Forked from datatable
This is a Python package for manipulating 2-dimensional tabular data structures (aka data frames). It is close in spirit to [pandas][] or [SFrame][]; however we put specific emphasis on speed and big data support. As the name suggests, the package is closely related to R's [data.table][] and attempts to mimic its core algorithms and API.
Requirements: Python 3.6+ (64 bit) and pip 20.3+.
datatable started in 2017 as a toolkit for performing big data (up to 100GB)
operations on a single-node machine, at the maximum speed possible. Such
requirements are dictated by modern machine-learning applications, which need
to process large volumes of data and generate many features in order to
achieve the best model accuracy. The first user of datatable was
[Driverless.ai][].
The set of features that we want to implement with datatable is at least
the following:
-
Column-oriented data storage.
-
Native-C implementation for all datatypes, including strings. Packages such as pandas and numpy already do that for numeric columns, but not for strings.
-
Support for date-time and categorical types. Object type is also supported, but promotion into object discouraged.
-
All types should support null values, with as little overhead as possible.
-
Data should be stored on disk in the same format as in memory.
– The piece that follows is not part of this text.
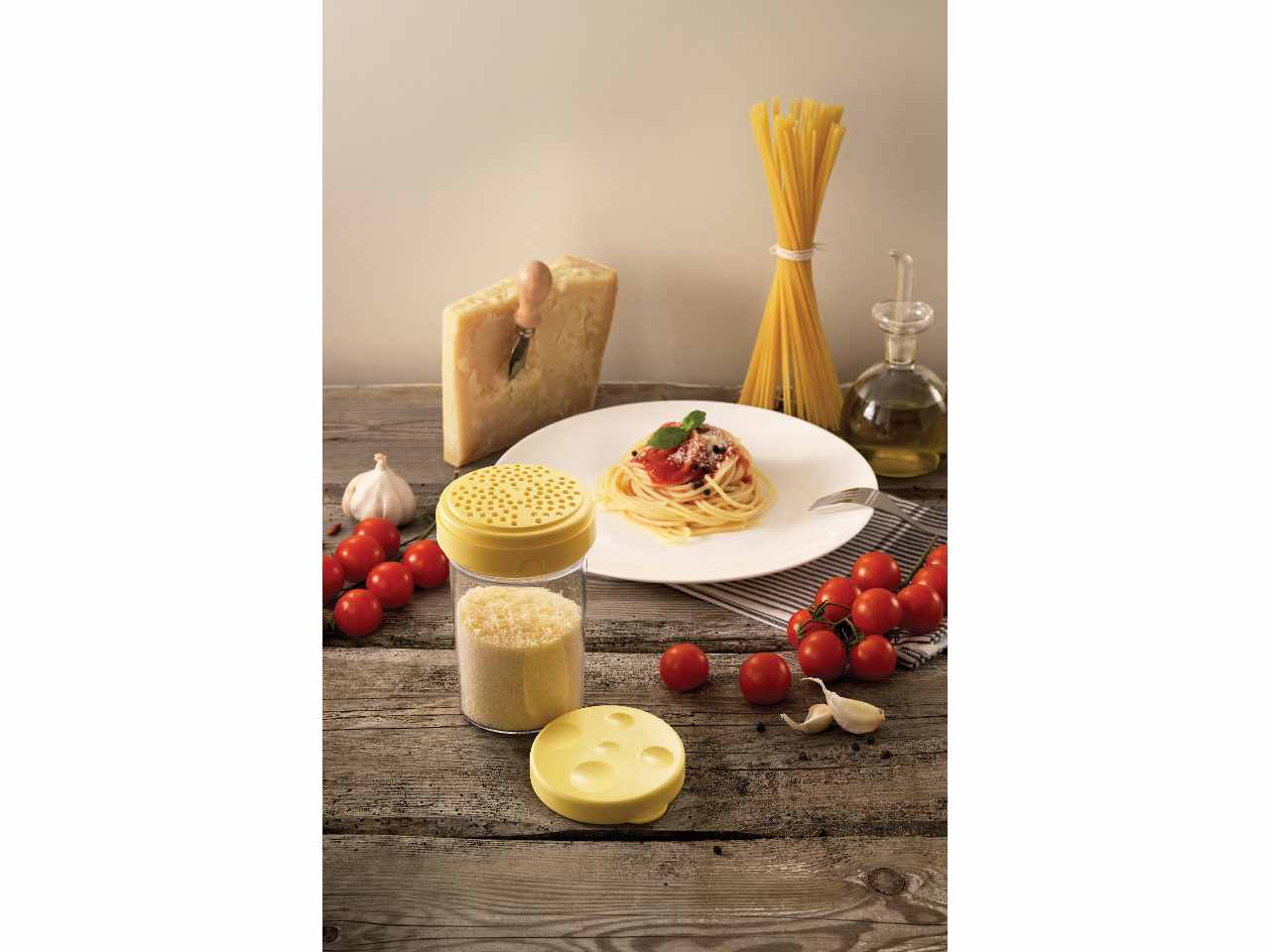 Contenitore per spargere il formaggio grattugiato direttamente sulle pietanze. Dotato di sistema interno brevettato per evitare la formazione di grumi. Dopo l’uso, con il coperchio ermetico diventa un pratico contenitore per conservare il formaggio in frigorifero
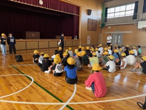 いよいよみんなが楽しみにしていた臨海学校です。出発式の様子です。

This will allow us to memory-map data on disk and work on out-of-memory datasets transparently.
-
Work with memory-mapped datasets to avoid loading into memory more data than necessary for each particular operation.
-
Fast data reading from CSV and other formats.
-
Multi-threaded data processing: time-consuming operations should attempt to utilize all cores for maximum efficiency.
-
Efficient algorithms for sorting/grouping/joining.
-
Expressive query syntax (similar to [data.table][]).
-
Minimal amount of data copying, copy-on-write semantics for shared data.
-
Use "rowindex" views in filtering/sorting/grouping/joining operators to avoid unnecessary data copying.
-
Interoperability with pandas / numpy / pyarrow / pure python: the users should have the ability to convert to another data-processing framework with ease.